The Episcopal Church [USA] and the Diocese argued that the appellate court in that case (California-Nevada Annual Conf. v. St. Luke's United Methodist Church [2004] 121 Cal.App.4th 754) had gone out on a limb, and was not supported in its reading of section 9142 by any other court. (To view the case from the link, you will need to agree to the site terms, then enter the citation on the next screen as "121" [choose: "Cal. App. 4th"] "754".) The Fourth District agreed---as did the Sixth District in a more recent decision discussed here. The California-Nevada case is significant because it was decided by the Fifth District Court of Appeal, and that is the court that will decide any appeal in the current San Joaquin litigation. Nevertheless it, like all the other Courts of Appeal, will after Monday be bound by however a majority of the Supreme Court decides to interpret section 9142.

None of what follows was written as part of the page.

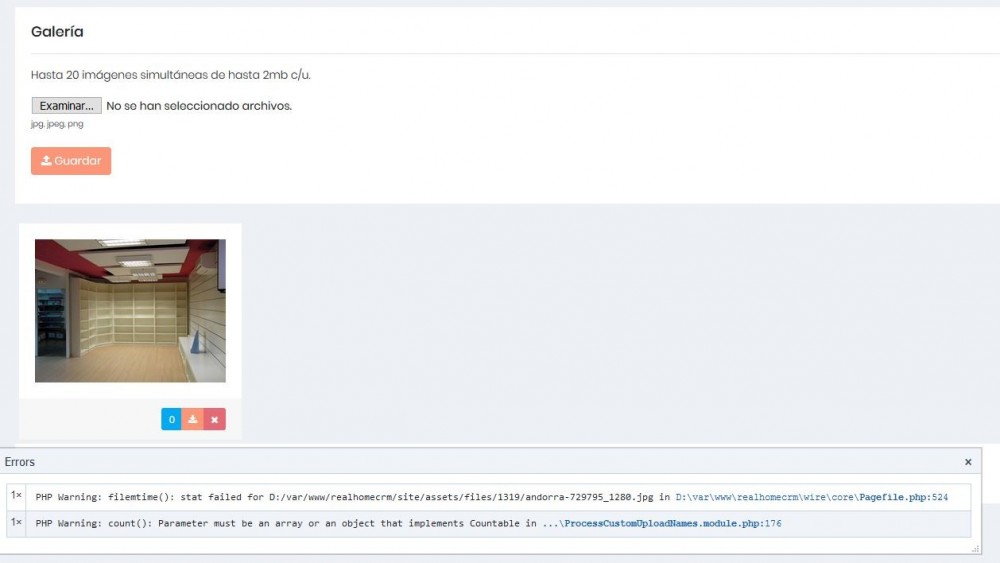 It worked. Thank you! Only this warning remaings but not sure why. PHP Warning: filemtime(): stat failed for D:/var/www/realhomecrm/site/assets/files/1319/andorra-729795_1280.jpg in D:\var\www\realhomecrm\wire\core\Pagefile.php:524

These, then, were the arguments made to the California Supreme Court, convening at a special session in Riverside last October. The Court and counsel for both sides spent a fair amount of time discussing whether the neutral principles approach was better, and if so, which side prevailed under that analysis. There seemed to be little appetite on the Court for retaining the 1872 approach of Watson v. Jones; Justice Corrigan came out squarely in favor of the "neutral principles" approach. Counsel for ECUSA contended that the national church should prevail under either approach, but she maintained (perhaps feeling more secure with the hierarchical argument) that California should stick with the traditional "principle of government" analysis, as the Fourth District panel had strongly argued. Justice Corrigan asked her: "But if you win under either test, why should we go back to the days of the Civil War, if we can use neutral principles?"

With this post as a background to the oral argument, I will put up another one soon that discusses how each side fared in its arguments to the Court. Then I will conclude with an educated guess as to what we might expect on Monday.